Patient characteristics

A total of 147 GISTs patients' contrast-enhanced abdominal CT images were applied in this study. Patient characteristics in the training, internal validation and external validation cohorts were presented in Table 1. The median (interquartile rang [IQR]) survival times for RFS were 57(13–163) months in training cohort, 59(11–137) months in internal validation cohort, and 53(28–119) months in external validation cohort, respectively.

Table 1

Clinical pathological characteristics and followed- up results of patients in different cohorts.⁎

Variables	Training cohort(n = 80)			Internal validation cohort(n = 35)			External validation cohort(n = 32)
Variables	Low-score(%)	High- score(%)	P-value	Low- score(%)	High- score(%)	P-value	Low- score(%)	High- score(%)	P-value
Gender			0.655			0.803			1.000
Male	32(78.0)	9(22.0)		12(66.7)	6(33.3)		8(88.9)	1(11.1)
Female	32(82.1)	7(17.9)		12(70.6)	5(29.4)		19(82.6)	4(17.4)
Age(mean ± SD,years)	53.83 ± 12.59	59.94 ± 12.37	0.086	51.58 ± 12.12	63.82 ± 10.99	0.007*	62.41 ± 11.38	59.00 ± 9.03	0.533
Tumor site			0.144			0.709			0.673
Gastric	50(84.7)	9(15.3)		19(65.5)	10(34.5)		22(84.6)	4(15.4)
Non-gastric	14(66.7)	7(33.3)		5(83.3)	1(16.7)		5(83.3)	1(16.7)
Tumor size(cm)	4.78 ± 2.71	11.34 ± 5.11	< 0.0001*	4.79 ± 3.13	9.54 ± 4.77	0.009*	6.03 ± 3.05	10.50 ± 5.27	0.012*
Mitotic count			0.073			0.007*			0.642
≤5/50HPFs	49(86.0)	8(14.0)		21(84.0)	4(16.0)		17(89.5)	2(10.5)
>5/50HPFs	15(65.2)	8(34.8)		3(30.0)	7(70.0)		10(76.9)	3(23.1)
Recurrence			< 0.0001*			< 0.0001*			0.011*
Absent	62(95.4)	3(4.6)		22(88.0)	3(12.0)		23(95.8)	1(4.2)
Present	2(13.3)	13(86.7)		2(20.0)	8(80.0)		4(50.0)	4(50.0)

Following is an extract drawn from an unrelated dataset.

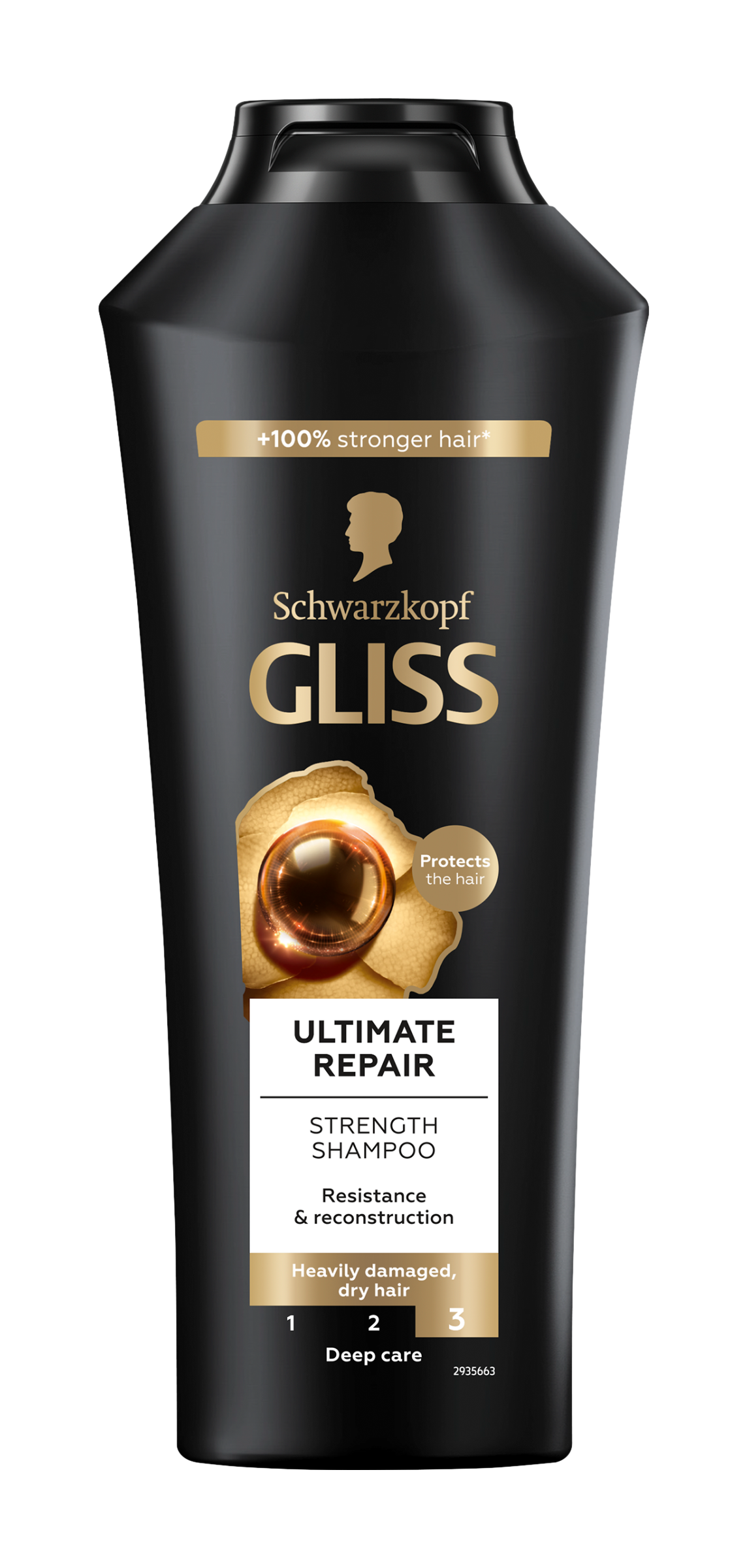 - Obsah balení: Schwarzkopf Gliss posilující šampon Ultimate Repair 400ml s úrovní hloubkové péče pro velmi poškozené, suché vlasy

Independent samples t-test was applied in continuous variables. Chi-Squared test was applied in categorical variables.

SD standard deviation, HPF high-power field.

P value <0.05.

Clinical pathological characteristics and followed- up results of patients in different cohorts.⁎ Independent samples t-test was applied in continuous variables. Chi-Squared test was applied in categorical variables. SD standard deviation, HPF high-power field. P value <0.05.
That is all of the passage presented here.